Update README.md with new model card content

6acd2af verified 5 months ago

5.46 kB

	---
	library_name: keras-hub
	license: apache-2.0
	language:
	- en
	tags:
	- text-generation-inference
	- keras
	pipeline_tag: text-generation
	---
	### Model Overview
	# Model Summary

	Falcon-RW-1B is a 1B parameters causal decoder-only model built by [TII](https://www.tii.ae/) and trained on 350B tokens of [RefinedWeb](https://huggingface.co/datasets/tiiuae/falcon-refinedweb). The architecture of the model is adopted from the GPT-3 paper ([Brown et al., 2020](https://arxiv.org/abs/2005.14165)) but it uses ALiBi.

	## Links

	* [Falcon Quickstart Notebook](https://www.kaggle.com/code/laxmareddypatlolla/falcon-quickstart-notebook)
	* [Falcon API Documentation](https://keras.io/keras_hub/api/models/falcon/)
	* [Falcon Model Card](https://huggingface.co/docs/transformers/en/model_doc/falcon)
	* [KerasHub Beginner Guide](https://keras.io/guides/keras_hub/getting_started/)
	* [KerasHub Model Publishing Guide](https://keras.io/guides/keras_hub/upload/)

	## Presets

	The following model checkpoints are provided by the Keras team. Full code examples for each are available below.
	\| Preset name \| Parameters \| Description \|
	\|----------------\|------------\|--------------------------------------------------\|
	\| falcon_refinedweb_1b_en \| 1.31B \| 24-layer Falcon model (Falcon with 1B parameters), trained on 350B tokens of RefinedWeb dataset.\|


	## Use

	### Direct Use
	Research on large language models, specifically the influence of adequately filtered and deduplicated web data on the properties of large language models (fairness, safety, limitations, capabilities, etc.).

	### Out-of-scope Use
	Production use without adequate assessment of risks and mitigation; any use cases which may be considered irresponsible or harmful.

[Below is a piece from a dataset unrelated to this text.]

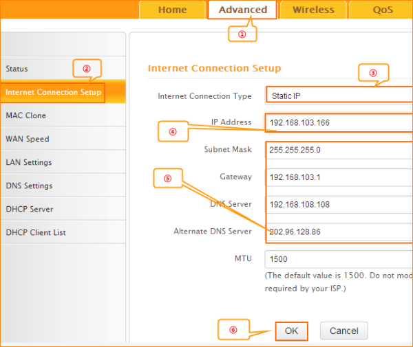 3.1.4 Click on the Advanced then click on the Internet connection setup option on the left of the page, then open the Dropdown Menu of the Internet Connection Type then choose the Static IP option, after that type the accounts that provided by your ISP then click on Ok to save the settings.

	## Bias, Risks, and Limitations

	Falcon-RW-1B is trained on English data only, and will not generalize appropriately to other languages. Furthermore, as it is trained on a large-scale corpora representative of the web, it will carry the stereotypes and biases commonly encountered online.

	## Recommendations

	We recommend users of Falcon-RW-1B to consider finetuning it for the specific set of tasks of interest, and for guardrails and appropriate precautions to be taken for any production use.

	## Training Details

	### Training Data
	Falcon-RW-1B was trained on 350B tokens of RefinedWeb, a high-quality filtered and deduplicated web dataset. The data was tokenized with the GPT-2 tokenizer.

	### Training Procedure
	Falcon-RW-1B was trained on 32 A100 40GB GPUs, using only data parallelism with ZeRO.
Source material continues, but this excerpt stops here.